**Action item**
The whole listing below needs to be duplicated exactly, pictures aside.

*** Supplied information ***

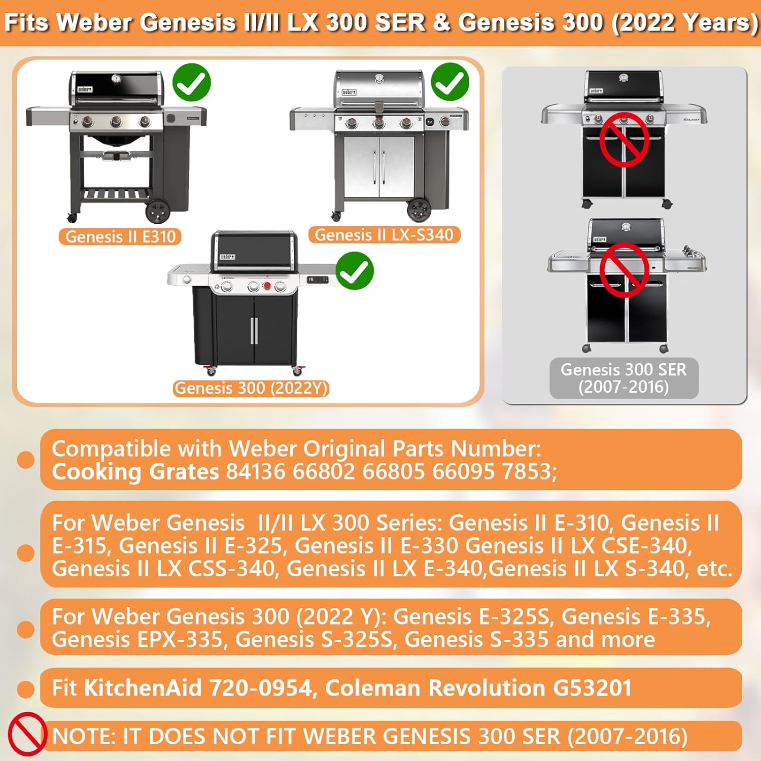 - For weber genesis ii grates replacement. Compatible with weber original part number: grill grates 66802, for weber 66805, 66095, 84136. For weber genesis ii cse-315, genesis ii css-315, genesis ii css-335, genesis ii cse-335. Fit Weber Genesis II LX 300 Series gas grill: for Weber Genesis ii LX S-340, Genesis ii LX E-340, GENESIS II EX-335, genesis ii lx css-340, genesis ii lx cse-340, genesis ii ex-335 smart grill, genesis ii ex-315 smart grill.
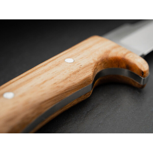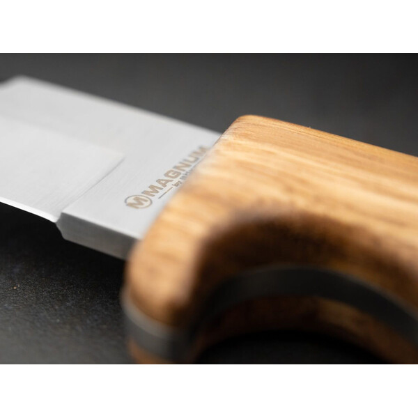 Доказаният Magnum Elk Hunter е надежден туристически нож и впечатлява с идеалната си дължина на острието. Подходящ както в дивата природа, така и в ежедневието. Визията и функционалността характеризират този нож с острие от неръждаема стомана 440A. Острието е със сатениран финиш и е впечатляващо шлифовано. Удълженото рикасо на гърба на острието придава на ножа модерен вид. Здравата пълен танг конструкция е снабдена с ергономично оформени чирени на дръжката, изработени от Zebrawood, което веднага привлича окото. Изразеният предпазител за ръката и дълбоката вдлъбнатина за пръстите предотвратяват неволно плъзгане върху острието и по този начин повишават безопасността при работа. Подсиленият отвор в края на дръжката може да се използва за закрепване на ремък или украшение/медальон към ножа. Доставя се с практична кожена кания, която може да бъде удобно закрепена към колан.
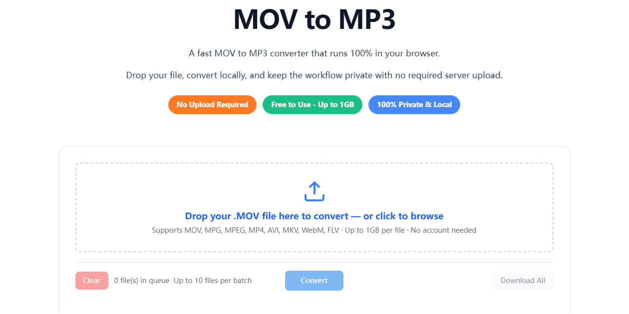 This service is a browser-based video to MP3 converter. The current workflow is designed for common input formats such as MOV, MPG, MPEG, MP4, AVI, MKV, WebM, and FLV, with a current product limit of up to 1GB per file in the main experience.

*** End of Supplied information ***

**Result of this exercise**
 - For weber genesis ii grates replacement. Compatible with weber original part number: grill grates 66802, for weber 66805, 66095, 84136. For weber genesis ii cse-315, genesis ii css-315, genesis ii css-335, genesis ii cse-335. Fit Weber Genesis II LX 300 Series gas grill: for Weber Genesis ii LX S-340, Genesis ii LX E-340, GENESIS II EX-335, genesis ii lx css-340, genesis ii lx cse-340, genesis ii ex-335 smart grill, genesis ii ex-315 smart grill.
 Доказаният Magnum Elk Hunter е надежден туристически нож и впечатлява с идеалната си дължина на острието. Подходящ както в дивата природа, така и в ежедневието. Визията и функционалността характеризират този нож с острие от неръждаема стомана 440A. Острието е със сатениран финиш и е впечатляващо шлифовано. Удълженото рикасо на гърба на острието придава на ножа модерен вид. Здравата пълен танг конструкция е снабдена с ергономично оформени чирени на дръжката, изработени от Zebrawood, което веднага привлича окото. Изразеният предпазител за ръката и дълбоката вдлъбнатина за пръстите предотвратяват неволно плъзгане върху острието и по този начин повишават безопасността при работа. Подсиленият отвор в края на дръжката може да се използва за закрепване на ремък или украшение/медальон към ножа. Доставя се с практична кожена кания, която може да бъде удобно закрепена към колан.
 This service is a browser-based video to MP3 converter. The current workflow is designed for common input formats such as MOV, MPG, MPEG, MP4, AVI, MKV, WebM, and FLV, with a current product limit of up to 1GB per file in the main experience.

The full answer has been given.